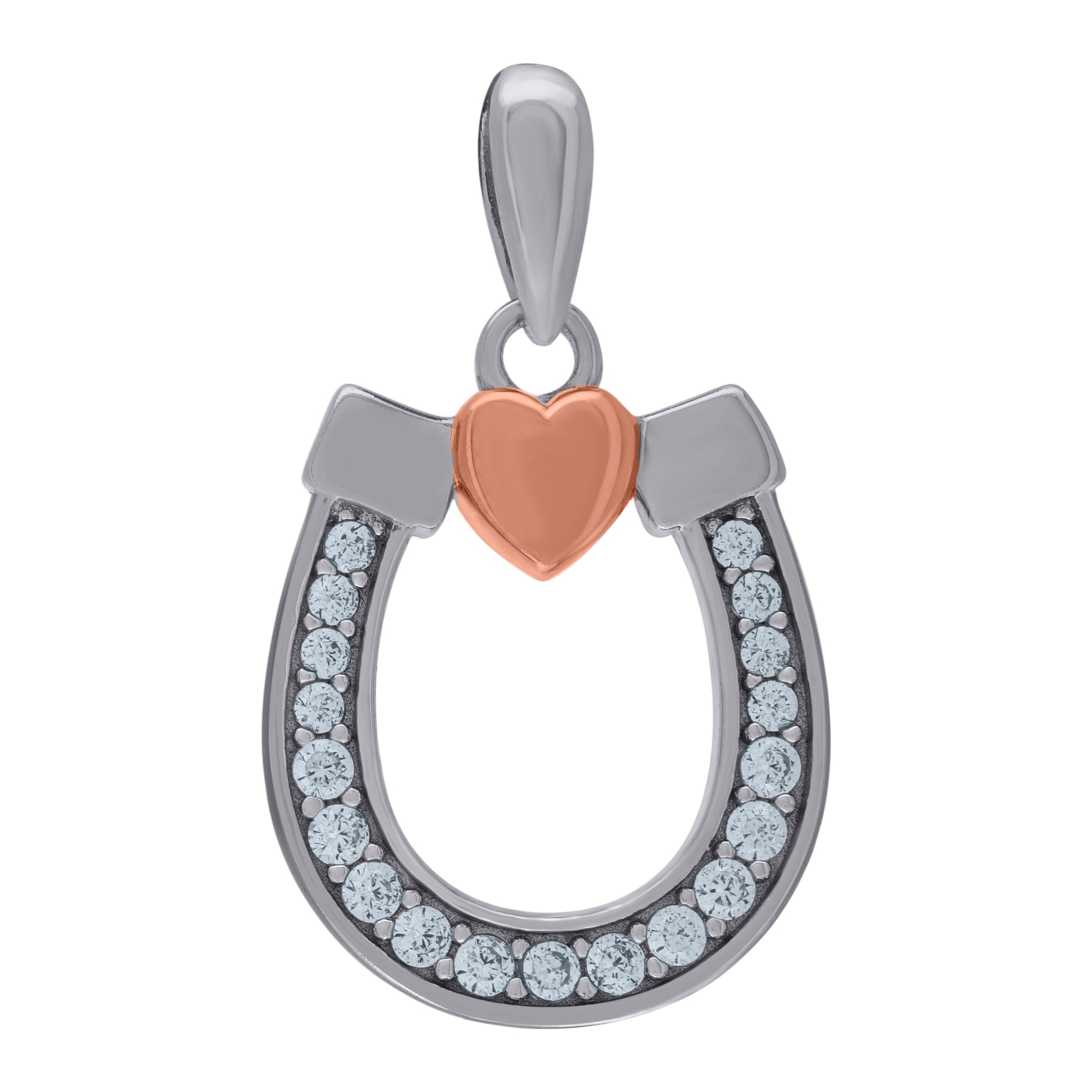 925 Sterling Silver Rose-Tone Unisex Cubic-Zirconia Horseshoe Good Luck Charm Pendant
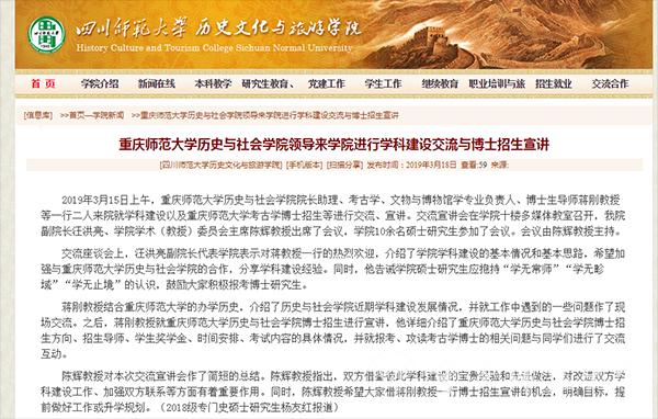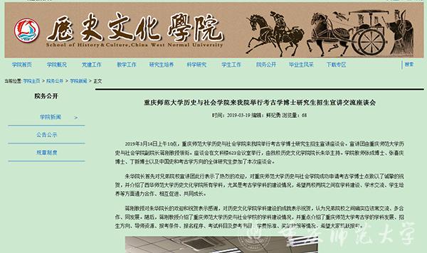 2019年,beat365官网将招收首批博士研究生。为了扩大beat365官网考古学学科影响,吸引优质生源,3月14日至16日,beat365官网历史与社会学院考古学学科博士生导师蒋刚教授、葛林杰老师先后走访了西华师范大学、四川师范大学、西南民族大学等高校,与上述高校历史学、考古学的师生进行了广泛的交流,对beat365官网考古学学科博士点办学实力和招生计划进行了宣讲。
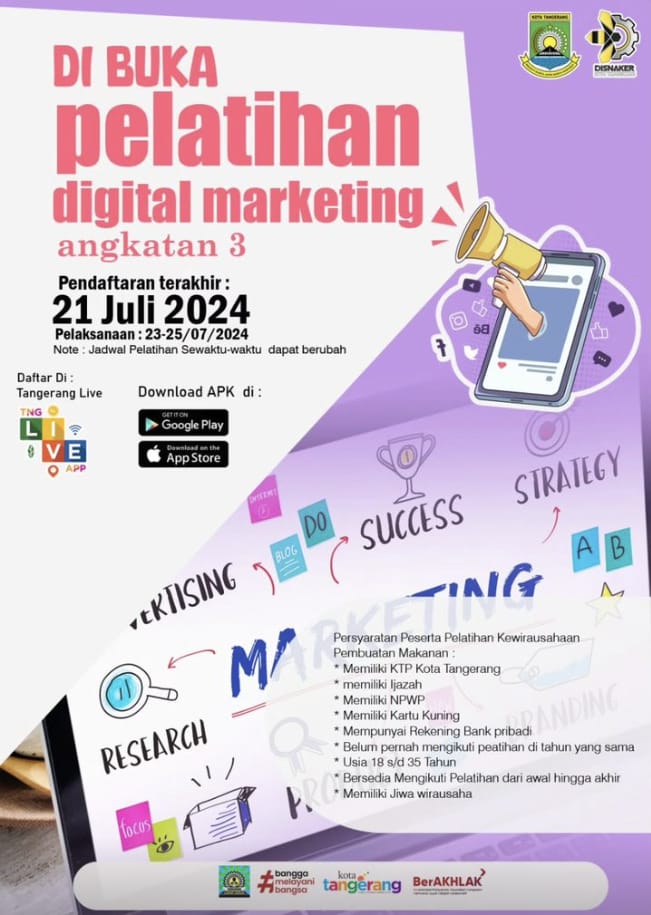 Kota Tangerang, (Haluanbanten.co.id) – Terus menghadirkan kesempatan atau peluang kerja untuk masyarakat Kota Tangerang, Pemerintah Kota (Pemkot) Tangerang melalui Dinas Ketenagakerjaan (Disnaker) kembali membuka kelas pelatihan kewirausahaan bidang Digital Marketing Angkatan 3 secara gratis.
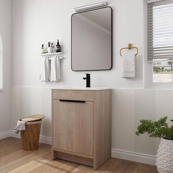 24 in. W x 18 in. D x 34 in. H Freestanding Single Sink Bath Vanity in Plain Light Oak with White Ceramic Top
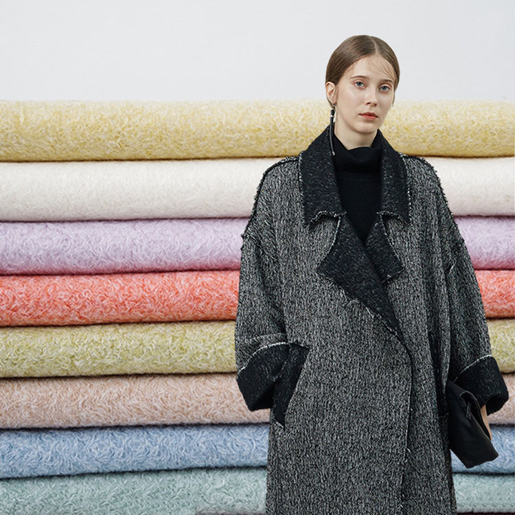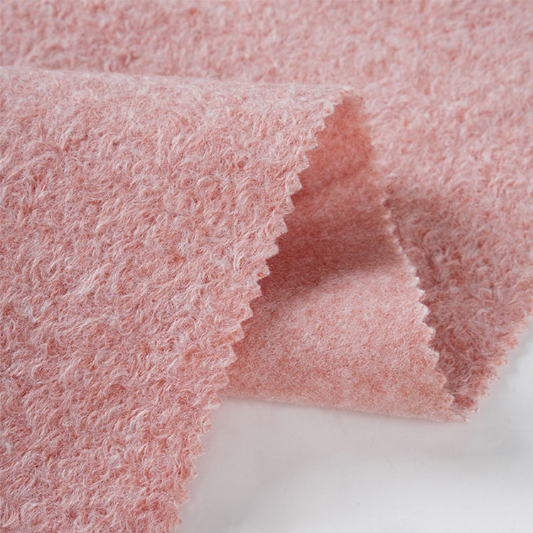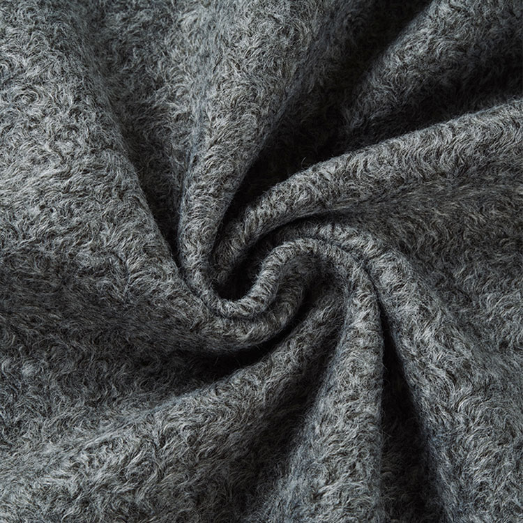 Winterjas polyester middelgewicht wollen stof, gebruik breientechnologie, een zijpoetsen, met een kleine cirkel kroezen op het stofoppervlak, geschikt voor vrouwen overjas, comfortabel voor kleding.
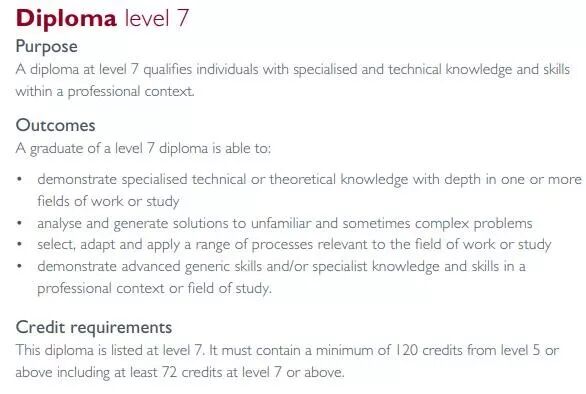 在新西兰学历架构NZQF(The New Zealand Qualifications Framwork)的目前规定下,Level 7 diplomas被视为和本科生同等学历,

▶ DESCRIPTION OF THE TASK
From the line containing "24 in. W x 18" through the last line of the data above, write out every line word for word, and nothing else. Do not include the pictures.

▶ REPLY TO THE EXERCISE
 24 in. W x 18 in. D x 34 in. H Freestanding Single Sink Bath Vanity in Plain Light Oak with White Ceramic Top
 Winterjas polyester middelgewicht wollen stof, gebruik breientechnologie, een zijpoetsen, met een kleine cirkel kroezen op het stofoppervlak, geschikt voor vrouwen overjas, comfortabel voor kleding.
 在新西兰学历架构NZQF(The New Zealand Qualifications Framwork)的目前规定下,Level 7 diplomas被视为和本科生同等学历,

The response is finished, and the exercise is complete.